Но, едва вспомнив о деде и отце, на которых он был так похож и комплекцией, и темпераментом, Вадим волей – не волей задумался о своих отношениях с родными вообще.
А подумать здесь было над чем, даже если отбросить в сторону обычные сантименты для ставших уже "взрослыми" детей. Реутов был поздним ребенком и, разумеется, младшим, среди своих сестер и братьев. "Мизиникер",
[51]
одним словом. И это во многом объясняло особое к нему отношение матери и отца. Для обоих это был второй брак, и Вадим был единственным их общим ребенком. И, хотя ни Борис Эфраимович, ни Анна Леонтьевна никогда не делали различия между своими детьми – все были "общие" – Вадиму доставалось гораздо больше тепла и любви родителей, просто потому что он был младшим. И братья, взрослые уже в то время Александр-Аарон и Иван, и сестры Гали и Мария, относились к нему точно так же. И сам он любил их не меньше, но… Вот именно, что "Но". Вадим совершенно не помнил, чтобы кто-нибудь из них навещал его в госпитале. Впрочем, Реутов много чего не помнил о тех временах, и даже вспомнив теперь кое-что из того, что, казалось, намертво стерто из памяти, не был уверен, что вспомнил все. Ведь что-то мог и забыть, или просто не запомнить. Например, то, как они его навещали. Однако забыл или нет, фактом оставалось то, что за следующие двадцать восемь лет, никто из них о нем ни разу не вспомнил. Даже его фотокарточки, которые он отсылал родителям с фронта, и его собственный небогатый архив, оставшийся дома, когда его призвали в армию, оказались у него совершенно непонятным образом, когда Реутов выписывался из госпиталя.

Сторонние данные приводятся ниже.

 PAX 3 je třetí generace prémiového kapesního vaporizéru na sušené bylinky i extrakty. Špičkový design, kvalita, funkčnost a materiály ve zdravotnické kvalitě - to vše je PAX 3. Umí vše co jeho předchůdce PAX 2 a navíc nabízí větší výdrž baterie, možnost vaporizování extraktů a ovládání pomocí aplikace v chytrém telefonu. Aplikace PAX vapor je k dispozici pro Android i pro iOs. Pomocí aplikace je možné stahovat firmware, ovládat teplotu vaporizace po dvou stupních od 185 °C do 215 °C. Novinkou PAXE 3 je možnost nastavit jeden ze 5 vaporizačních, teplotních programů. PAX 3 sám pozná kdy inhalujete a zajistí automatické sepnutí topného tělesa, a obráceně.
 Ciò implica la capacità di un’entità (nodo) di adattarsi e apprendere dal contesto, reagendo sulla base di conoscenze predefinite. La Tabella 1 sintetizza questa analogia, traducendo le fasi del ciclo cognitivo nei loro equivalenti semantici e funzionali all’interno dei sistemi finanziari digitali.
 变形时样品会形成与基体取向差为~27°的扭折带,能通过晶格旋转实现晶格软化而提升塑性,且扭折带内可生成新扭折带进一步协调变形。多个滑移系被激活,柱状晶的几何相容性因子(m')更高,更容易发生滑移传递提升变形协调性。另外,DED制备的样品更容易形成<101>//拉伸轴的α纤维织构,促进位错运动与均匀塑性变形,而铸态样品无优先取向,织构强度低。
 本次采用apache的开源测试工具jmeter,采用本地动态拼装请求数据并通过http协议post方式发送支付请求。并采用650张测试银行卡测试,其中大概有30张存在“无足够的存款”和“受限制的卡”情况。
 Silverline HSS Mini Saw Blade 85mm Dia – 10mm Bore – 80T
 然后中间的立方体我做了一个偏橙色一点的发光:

"Значит, все-таки приезжали?"
Трудно сказать. Да и зачем бы им было привозить ему в госпиталь его же собственные письма или фотокарточки, сделанные специально для них? Бред какой-то. И в Новгород к нему никто из них не то, что не приехал ни разу, но даже письма не послал. Создавалось впечатление, что они были уверены, что Вадим мертв. Иначе объяснить их поведение было просто невозможно. Однако в этом случае возникал другой вопрос. А сам он, почему ни разу за все эти годы им не написал или не съездил в гости? На вакации или просто так.